I could check versions of dependencies, if necessary. There may be
version differences because one system is 32- and the other 64-bit.

One theory is that the router for my target machine (my modem is in
bridge mode, so the router is owned by cable operator) plays nasty. They
changed all ip's recently, and I think these errors started to appear
around the same time. Probably the whole machine has been changed, the
routing capabilities for my LAN changed (no more Bonjour printer
sharing, etc.).

Any thoughts about the reason and remedy of the rdiff-backup errors?

Thanks,
Jussi

_______________________________________________
rdiff-backup-users mailing list at rdiff-backup-users < at > nongnu.org
https://lists.nongnu.org/mailman/listinfo/rdiff-backup-users
Wiki URL: http://rdiff-backup.solutionsfirst.com.au/index.php/RdiffBackupWiki

Post Intermittent connection failures 
Hi Jussi,

You can increase the verbosity with the -v<value> parameter, maybe this gives you some more insight into what's going on. Are there any patterns? Is it always the same backup script where these failures occur?

Patrick.

Jussi Hirvi <listmember < at > greenspot.fi> wrote:

I have something like a terabyte of stuff to backup. I do it each day
with more than ten rdiff-backup scripts (one for each directory).

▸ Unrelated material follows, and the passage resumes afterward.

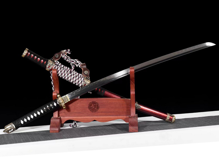 商品属性 [总长] 104cm [刃长] 71cm [柄长] 27cm [刃宽] 3.2cm [刃厚] 0.7cm [硬度] 60HRC以上 [刃材] 高碳钢 [鞘材] 朴木 [装具] 纯铜 [工艺] 覆土烧刃—回火 [锻打程度] 十三道纯手工研磨 [赠品] 锦盒-刀油-收藏证书-刀架

Lately I have been getting these errors:

Received disconnect from nn.nn.nn.nn: 2: Timeout, your session not
responding.
Fatal Error: Lost connection to the remote system

(nn.nn.nn.nn stands for source ip).

the script is of this type:

rdiff-backup --exclude-special-files --force --remote-schema "ssh -i
/root/.ssh/myserver.dsa %s rdiff-backup --server"
root < at > nn.nn.nn.nn::/path/to/dir /path/to/dir 1>> logfile 2>> logfile

I have tried different things, like
- simply rerun the script
- throw away rdiff-backup-data directory, then try again
- like before, then use rsync, then rdiff-backup again
- add ServerAliveInterval 180 to /etc/ssh/ssh_config on target
and ClientAliveInterval 180 to sshd_config on source machine
- add ConnectTimeout 300 to ssh_config on target machine

Adjusting ssh_config seems to have no effect. These errors seem to
center on some dirs and not on others. But the errors don't occur every

time, which makes it hard to find the reason.

Finally, here is some version information (same versions on source and
target):
- CentOS 5.6 (source 64-bit, target 32-bit)
- rdiff-backup 1.2.8

I could check versions of dependencies, if necessary. There may be
version differences because one system is 32- and the other 64-bit.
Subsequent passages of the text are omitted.